Regulatory Framework for Conducting Business

within the Marijuana Industry

As a result of the passage of the Arkansas Medical Marijuana Amendment of 2016 (the “Amendment”), Arkansas financial institutions must determine whether the risk of federal prosecution or regulatory enforcement is worth the potential reward of being a front-runner for banking and payment needs of Arkansas MRBs. Likewise, Arkansas MRBs will have to face the issue of how to accept payments for product and make payments to employees and vendors. Standing between the supplier and demander in this non-functional financial services marketplace is the wall of tripartite federal prohibition, including the Controlled Substances Act (the “CSA”),[2] the Banking Secrecy Act,[3] and Anti-Money Laundering laws.[4]

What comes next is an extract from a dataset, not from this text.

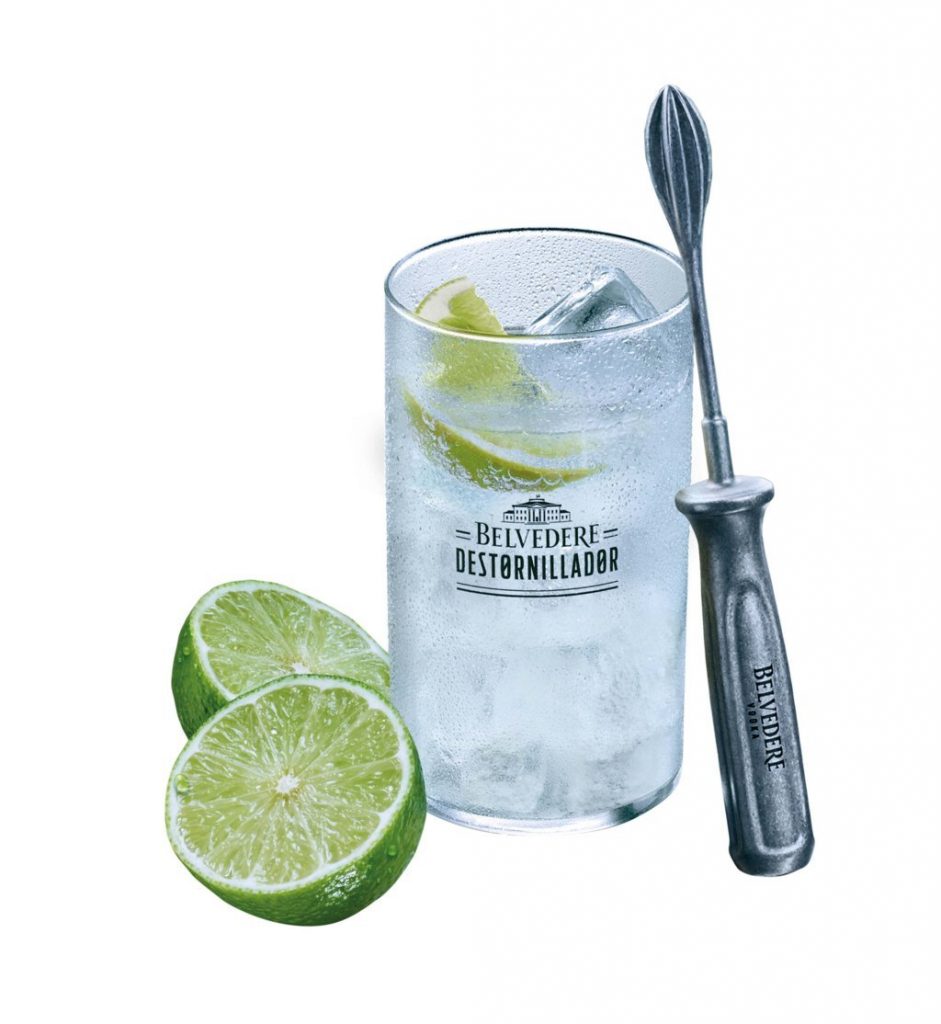 El vodka de lujo propiedad del grupo LVMH revive este verano el Destornillador Belvedere, un refrescante combinado de vodka con naranja, lima o pomelo que rinde tributo a uno de los cocteles más legendarios de la historia. En la imagen, el Destornillador con lima.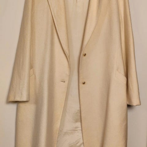 Klassinen ja ajaton, ryhdikäs kaksrivinapitettu malli, takana muotoa tuo naisellinen leikkaus ja tamppi ristiselällä. Materiaali- ja kokolappu irronneet, mutta materiaali on villavoittoinen ja koko reilu koko M-L.

This federal prohibition creates a cash-only scenario whereby a MRB might experience a six-to-eight percent increase in costs and a slew of security concerns.[5] Various solutions have been proposed to solve the problem, including using Bitcoin as a payment system or legislatively creating a state-owned bank to solely deal with MRBs. Furthermore, in-store payment systems like those offered by Jane™ continue to surface.[6] Yet, the MRB banking problem will not be conclusively solved without action by Congress because providing banking and financial services to MRBs violates federal law no matter how the facts are tweaked.[7]

Despite these complexities, the decision-making process for financial institutions falls back to the core of the financial industry model: basic risk-reward principles. Charging high monthly and per-transaction fees is common, but banking and lending institutions face fairly high risk by conducting business with MRBs.[8]However, this risk can be significantly minimized by following the guidelines of the Cole Memorandum[9] and the Financial Crimes Enforcement Network (“FinCEN”) guidance.[10] The Cole Memorandum, issued in 2013 to guide federal prosecutors in enforcing the CSA as it relates to state-sanctioned MRBs, states that financial institutions must perform substantive due diligence to ensure that business conducted with MRBs does not facilitate eight high-priority enforcement areas.[11] Pursuant to the Cole Memorandum, FinCEN released guidance in 2014 that reiterated the stance of the Cole Memorandum and gave financial institutions a methodology by which they might conduct business with MRBs regardless of the prohibition stemming from the CSA.

The FinCEN Guidance requires that a Suspicious Activity Report (“SAR”) be filed if a financial institution conducts business with a MRB.[12] Presuming that a MRB is following Arkansas law regarding medicinal marijuana, a banking institution providing services to the MRB would file a “Marijuana Limited” SAR to comply with federal guidance and reduce the risk of prosecution or penalty. There are also “Marijuana Priority” SARs and “Marijuana Termination” SARs, which a bank must file if it believes a MRB is violating one of the eight high-priority Cole Memorandum areas of enforcement or if a financial institution has terminated a relationship with a MRB.[13]